Y si el cuerpo sufre, ¿puede la mente quedarse al margen? El intelecto se debe endurecer tan rápido como las arterias. La creatividad depende de la acción. Desconfía de toda idea que surja mientras estás sentado.

El espectador sentado no es un pensador; es un conocedor. A diferencia del deportista, que todavía vive de sus experiencias, que está abierto a la verdad, el espectador ha cerrado el anillo. Su pensamiento se convierte en un conocimiento rígido. Se encierra en sí mismo por mor de sus inclinaciones, su partidismo y sus prejuicios.

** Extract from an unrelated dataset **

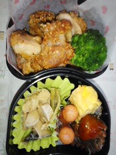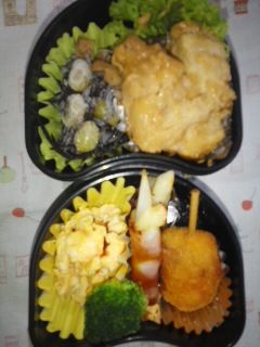 なんかこう、お目目ウルウル、お鼻じゅるじゅるで、ほっぺのあたり殴られたみたいに痛い。頭も痛い。熱があるとわかったら余計にしんどいので、はからなかったが、まあ、あっただろうな~。薬飲んで乗り切ったよ。気温がさがってきて、この時期順番に風邪引かれてたいややわ~と思っていたら、私が一番重症だった・・・・みしゃお、うしゅけ、私と順番に風邪引いて、今はそしゅけ。くしゃみと鼻のせいでお目目うるませながら学校に行ってる。ちなみに今日はプールの日だけど、帰って来たときの様子次第だな。さて、先週は火曜日からうしゅけが中間考査、木曜日からみしゃおが中間考査だったので、木曜日、金曜日とお弁当なしだった。今日からまたふたつに戻った。今日のみしゃお弁当。ひじきの煮物。冷凍保存していたのをそのまま。鶏むね肉の味噌マヨ炒め。冷凍保存していたのをレンジで解凍。グリーンリーフ。アミエビ入り炒り卵。ポテトとチーズのベーコン巻き。うずら&ウインナー串。冷凍食品。ブロコッリー。相変わらずの手間なし弁当だね。

Se imagina autosuficiente y deja de crecer. Y ese crecimiento es lo que más necesita para manejar las emociones, unas emociones que no canaliza de forma satisfactoria. Porque está muy lejos del atleta y de la participación en su esfuerzo, que es la liberación y la catarsis del atleta.

Está observando a alguien que tiene todo lo que quiere y que él no puede conseguir. Los deportistas son los que mejor se lo pasan. Jugando, ganando o incluso perdiendo. Están experimentando el agotamiento, que es la forma más rápida de fraternidad e igualdad, el agotamiento que permite no sólo ser un buen jugador sino también un buen perdedor.

Como no puede experimentar lo que experimenta el atleta, rara vez el aficionado es un buen perdedor. El énfasis en ganar es, por tanto, más un problema para el espectador que para el deportista. Y el aficionado, al perder y llenarse de emociones que no tienen vías saludables de salida, es probable que la tome con su vecino, con el objeto inanimado más próximo, con el árbitro, con el estadio o con el juego en sí.

Es más fácil desalcoholizar a un borracho, desenganchar a un yonqui, o ver a un fumador de tres paquete diarios superando el mono, que vivir con un aficionado durante una racha larga de mala suerte.

Y si un espectador pasara todas las pruebas físicas, mentales y emocionales, todavía se enfrentaría a otro reto supremo para su integridad. Forma parte del público, parte de la muchedumbre. Es uno de esos que el entrenador de Los Juegos llamaba «nulidades, patanes que atestan las gradas con la panza llena». Y, cuando alguien forma parte de una muchedumbre, se diluyen sus valores individuales de conducta y moralidad. Actúa en concierto con sus compañeros y desciende dos peldaños en la escala evolutiva. Se desliza tronco abajo por el árbol de la evolución.

Desde el momento en que te conviertes espectador, todo empieza a ir cuesta abajo. Es una vida que termina antes de que se acallen los gritos de ánimo.